Hamilton East School Trail Blazers Rejuvenate their Nature Trail

| By Robyn Irving

Hamilton East School demonstrates perseverance and teamwork in their Enviroschools mahi.

Tānemahuta: Qualities of growth, strength, shelter, diversity of life.

What an awesome effort by a group of committed students, staff and community members at Hamilton East School! It shows what a group working together can achieve. They have been hard at work recently, planting natives on the steep nature trail that connects the school to Putikitiki, the lower field.

This is a big project that has received funding from the Enviroschools Waikato Fund, O-I NZ Glass Environmental Fund and Trust Waikato.

While a lot was achieved in an afternoon, the project has been part of a long-term plan with considerable community engagement.

The project started many years ago and a series of plantings, weed control, and removal of large introduced trees that were uprooted and posed a danger (and a range of other setbacks and challenges) have all contributed to the journey.

Students have recently completed site planning activities, such as helping design outdoor classroom areas, and participated in hands-on restoration like hand removing less invasive weeds and propagating and planting native plant.

Experts have been on hand to help the students research which plants provide good habitats.

Lead Hamilton East School Enviroschools teacher, Olive Jones, has been supported by a dedicated parent group with useful skills and connections, including the Seeley Gully Group, the University of Waikato, Predator-Free Hamilton and Enviroschools. 

“This restoration project enables development of an outdoor ecological and education space to provide teachers, children and the community with learning opportunities that indoor classroom settings do not provide. It enables access to contextual based learning in the environment and includes a range of practical ecology-based (Science – our living world) activities using every-day materials” – Olive Jones.

Students learnt the common names of plants as they prepared them for planting.

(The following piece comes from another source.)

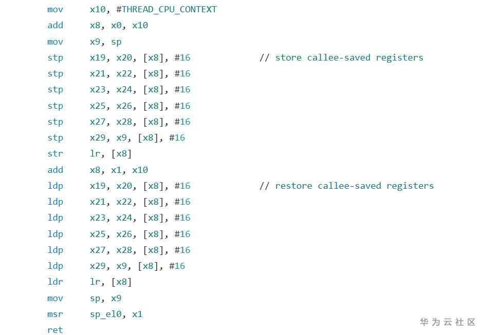 上图中这段代码用于 task_struct 切换时寄存器的保存与恢复,x0 寄存器保存了切换前 task_struct 结构体的地址,x1 保存了切换后结构体的地址。我们可以看到这段代码首先设置保存切换前寄存器的内存地址(x8 寄存器),然后将切换前寄存器编号为 x19-x29 的寄存器以及lr寄存器都保存到了以 x8 中地址为栈底的栈中,其中还包含了切换前 sp 寄存器中的栈指针。然后代码找到了保存下一个 task_struct 相关状态的栈的栈底地址(也保存在 x8 中),将栈中的内容恢复到对应的寄存器中,包括 lr 寄存器和 sp 寄存器。在这段代码中,load 和 store 指令都使用的是 post-indexed 寻址方式,也就是先使用x8寄存器中的内存地址,再将这个地址加上立即数16。

These sedges have sharp edges!

In her funding application, Olive added “the restoration project also focuses on building students’ science capabilities, by exploring their own school grounds. This will incorporate literacy and numeracy as students measure changes and report on findings.

There are opportunities for art in their school ecosystem, increased learning of Te Ao Māori through plant and animal names and stories, and an increased connection to the cultural history of the area.

The vision for the project is that students and teachers will continue to engage in learning and action in this area and develop critical life skills through teamwork, communication, planning and perseverance…”.

A large number of plants were dug into the ground and some great learning for students and adults alike took place with the identification of each plant provided, and then students repeated the name of plants as they put them in the ground to help with future recognition.

“Engaging in the schools’ natural spaces also encourages ongoing commitment and behaviour change in caring for the environment, and has positive impacts for well-being and mental health” – Olive Jones.

This is just one of the many Enviroschools initiatives that Hamilton East School students are engaged in, and they continue to build understanding and connections with their natural environment.

Whole community involvement has allowed this project to grow.